The task: Would you please return the data below verbatim, without its pictures?

Provided data:
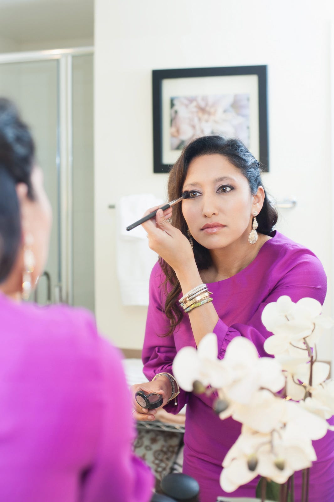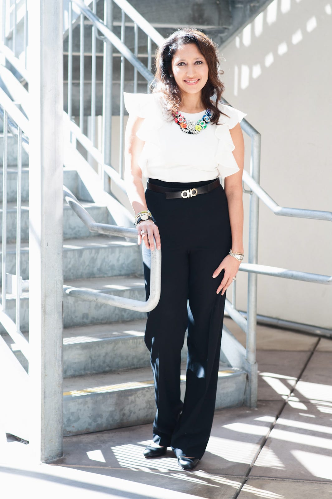 Take the local tech scribe, Leena Rao of TechCrunch. Known for rocking eye-catching color like no other, this stunner’s beauty beams through while reporting on the movers and shakers of Silicon Valley. Pulling makeup inspiration from the most famous — and pretty high-maintenance — TV family (here’s a hint: she’s one-half of Kimye), this natural beaut takes us through the prized products in her bag while handing over a few secrets, from tips for flawless skin to how she plays up her best features.
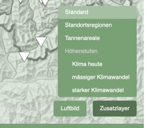 Auf der Startseite sehen Sie auf der interaktiven Karte alle erfassten Weiserflächen und Beobachtungspunkte. Wird ein Symbol angeklickt, erscheinen Flächenname, Waldgesellschaft und Naturgefahr in einer Sprechblase, über die Sie direkt zur Detailseite für die entsprechende Fläche gelangen. Unten rechts kann der Hintergrund von der Landeskarte (Standard) zum Luftbild gewechselt werden, sowie eine Reihe von Zusatzlayern eingeblendet werden (Standortsregionen und Tannenareale gemäss NaiS sowie die modellierten Höhenstufen unter heutigem und künftigem Klima, siehe Abbildung rechts).
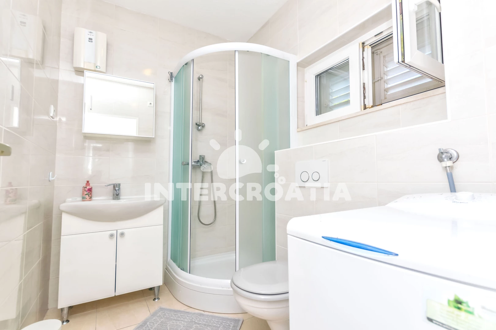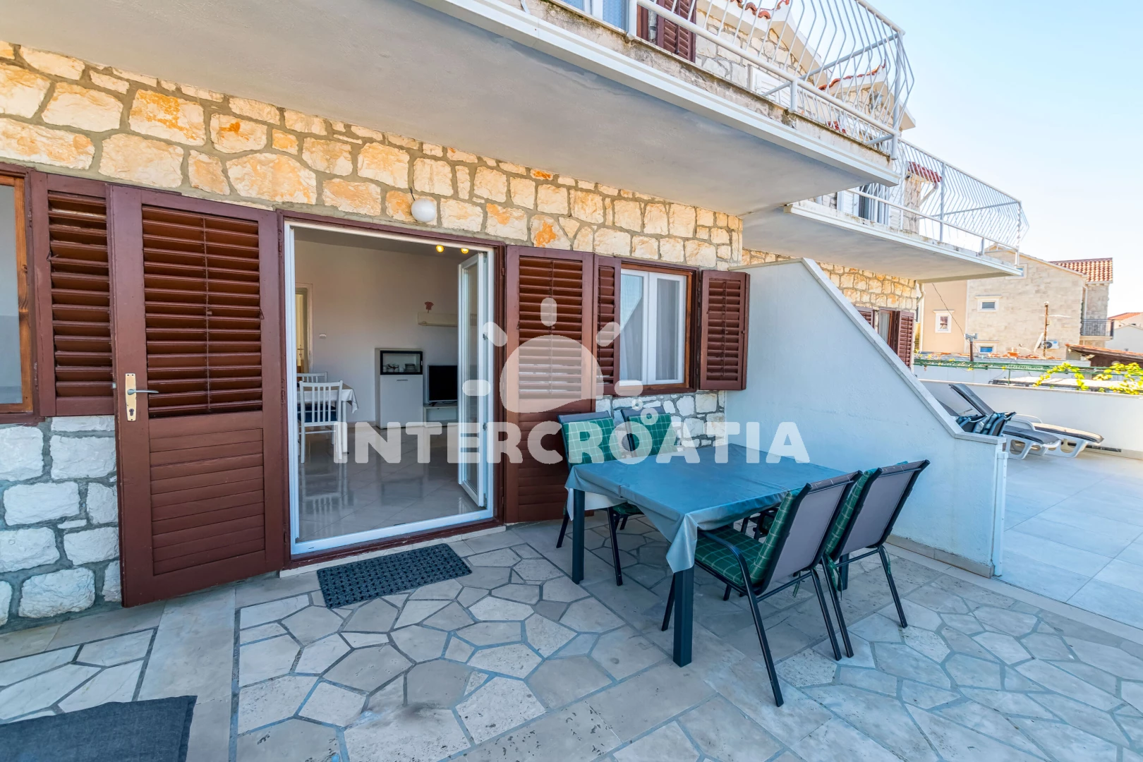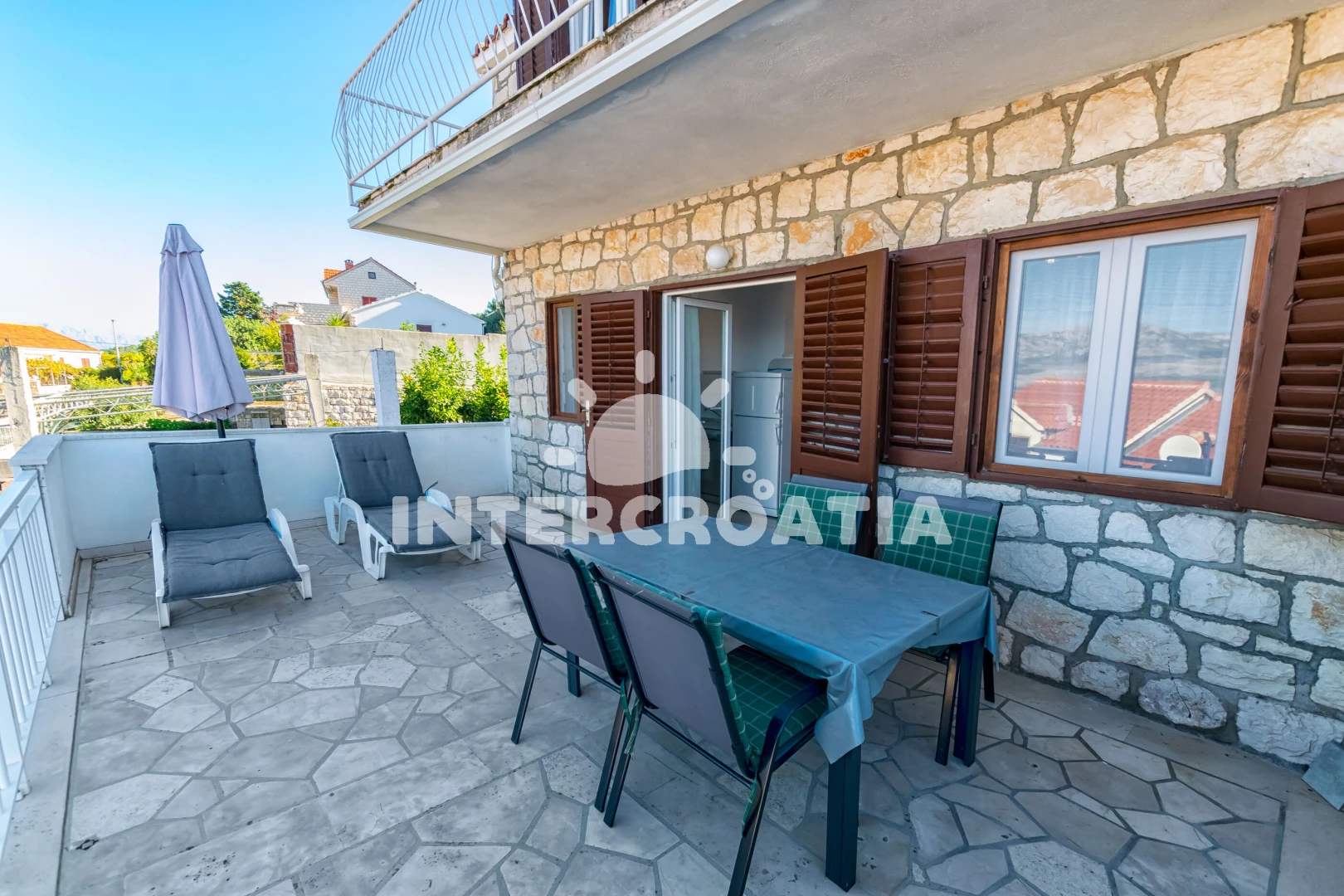 Vzdálenosti: Moře 160 m, pláž 350 m (oblázková a betonové desky), supermarket 250 m, bar 500 m, restaurace 500 m, centrum 850 m, lékárna 850 m, směnárna 850 m, veřejná doprava 1 km, marina 1 km, pošta 1 km, trajekt (Supetar) 11 km, banka 11 km, letiště (Split) 52 km,

Solution to the exercise:
 Take the local tech scribe, Leena Rao of TechCrunch. Known for rocking eye-catching color like no other, this stunner’s beauty beams through while reporting on the movers and shakers of Silicon Valley. Pulling makeup inspiration from the most famous — and pretty high-maintenance — TV family (here’s a hint: she’s one-half of Kimye), this natural beaut takes us through the prized products in her bag while handing over a few secrets, from tips for flawless skin to how she plays up her best features.
 Auf der Startseite sehen Sie auf der interaktiven Karte alle erfassten Weiserflächen und Beobachtungspunkte. Wird ein Symbol angeklickt, erscheinen Flächenname, Waldgesellschaft und Naturgefahr in einer Sprechblase, über die Sie direkt zur Detailseite für die entsprechende Fläche gelangen. Unten rechts kann der Hintergrund von der Landeskarte (Standard) zum Luftbild gewechselt werden, sowie eine Reihe von Zusatzlayern eingeblendet werden (Standortsregionen und Tannenareale gemäss NaiS sowie die modellierten Höhenstufen unter heutigem und künftigem Klima, siehe Abbildung rechts).
 Vzdálenosti: Moře 160 m, pláž 350 m (oblázková a betonové desky), supermarket 250 m, bar 500 m, restaurace 500 m, centrum 850 m, lékárna 850 m, směnárna 850 m, veřejná doprava 1 km, marina 1 km, pošta 1 km, trajekt (Supetar) 11 km, banka 11 km, letiště (Split) 52 km,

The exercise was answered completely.